» **Data to examine**:

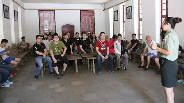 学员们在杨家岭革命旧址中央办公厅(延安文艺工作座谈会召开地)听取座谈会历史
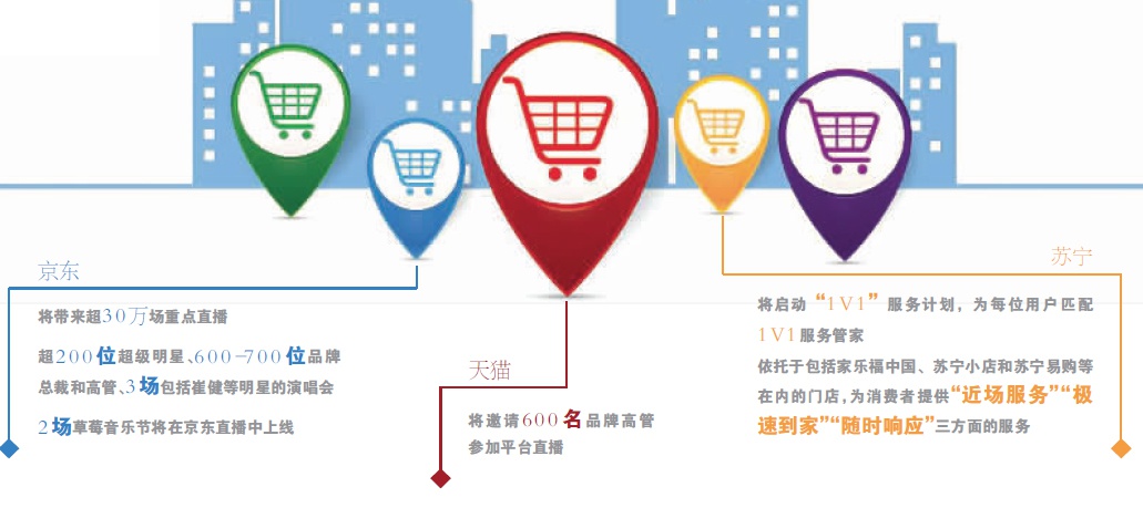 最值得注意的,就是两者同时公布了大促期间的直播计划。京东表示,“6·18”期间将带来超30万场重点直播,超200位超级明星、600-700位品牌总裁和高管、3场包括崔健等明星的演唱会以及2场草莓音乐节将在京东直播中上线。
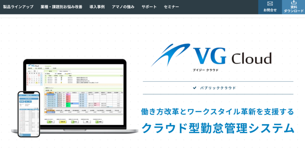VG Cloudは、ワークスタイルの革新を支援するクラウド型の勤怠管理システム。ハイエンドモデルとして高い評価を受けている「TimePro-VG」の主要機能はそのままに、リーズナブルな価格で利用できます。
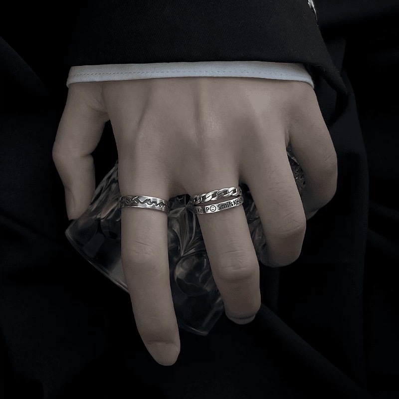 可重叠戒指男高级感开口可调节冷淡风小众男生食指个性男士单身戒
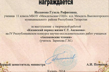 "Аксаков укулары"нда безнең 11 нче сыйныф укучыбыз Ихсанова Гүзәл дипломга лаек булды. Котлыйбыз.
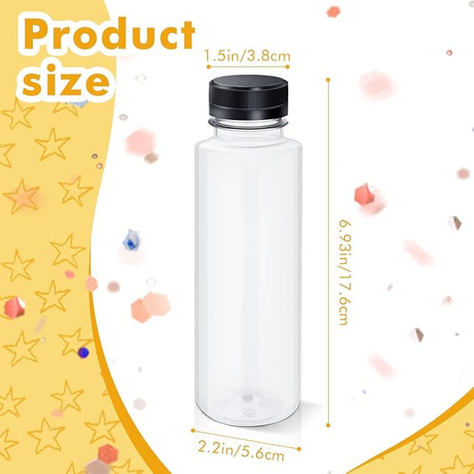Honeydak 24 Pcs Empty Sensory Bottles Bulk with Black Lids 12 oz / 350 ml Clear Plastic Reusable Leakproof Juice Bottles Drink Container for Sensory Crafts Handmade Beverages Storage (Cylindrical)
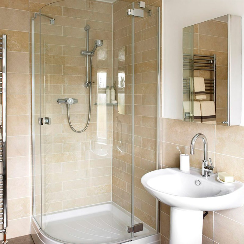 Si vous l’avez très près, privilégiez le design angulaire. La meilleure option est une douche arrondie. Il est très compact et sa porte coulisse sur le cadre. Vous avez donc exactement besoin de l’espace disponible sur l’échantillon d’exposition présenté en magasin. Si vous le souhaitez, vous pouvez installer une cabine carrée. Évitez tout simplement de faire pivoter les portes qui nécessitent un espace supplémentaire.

» **Work instruction**: Because the pictures are not wanted, retype every record exactly without them.

» **Your response**:
 学员们在杨家岭革命旧址中央办公厅(延安文艺工作座谈会召开地)听取座谈会历史
 最值得注意的,就是两者同时公布了大促期间的直播计划。京东表示,“6·18”期间将带来超30万场重点直播,超200位超级明星、600-700位品牌总裁和高管、3场包括崔健等明星的演唱会以及2场草莓音乐节将在京东直播中上线。
VG Cloudは、ワークスタイルの革新を支援するクラウド型の勤怠管理システム。ハイエンドモデルとして高い評価を受けている「TimePro-VG」の主要機能はそのままに、リーズナブルな価格で利用できます。
 可重叠戒指男高级感开口可调节冷淡风小众男生食指个性男士单身戒
 "Аксаков укулары"нда безнең 11 нче сыйныф укучыбыз Ихсанова Гүзәл дипломга лаек булды. Котлыйбыз.
Honeydak 24 Pcs Empty Sensory Bottles Bulk with Black Lids 12 oz / 350 ml Clear Plastic Reusable Leakproof Juice Bottles Drink Container for Sensory Crafts Handmade Beverages Storage (Cylindrical)
 Si vous l’avez très près, privilégiez le design angulaire. La meilleure option est une douche arrondie. Il est très compact et sa porte coulisse sur le cadre. Vous avez donc exactement besoin de l’espace disponible sur l’échantillon d’exposition présenté en magasin. Si vous le souhaitez, vous pouvez installer une cabine carrée. Évitez tout simplement de faire pivoter les portes qui nécessitent un espace supplémentaire.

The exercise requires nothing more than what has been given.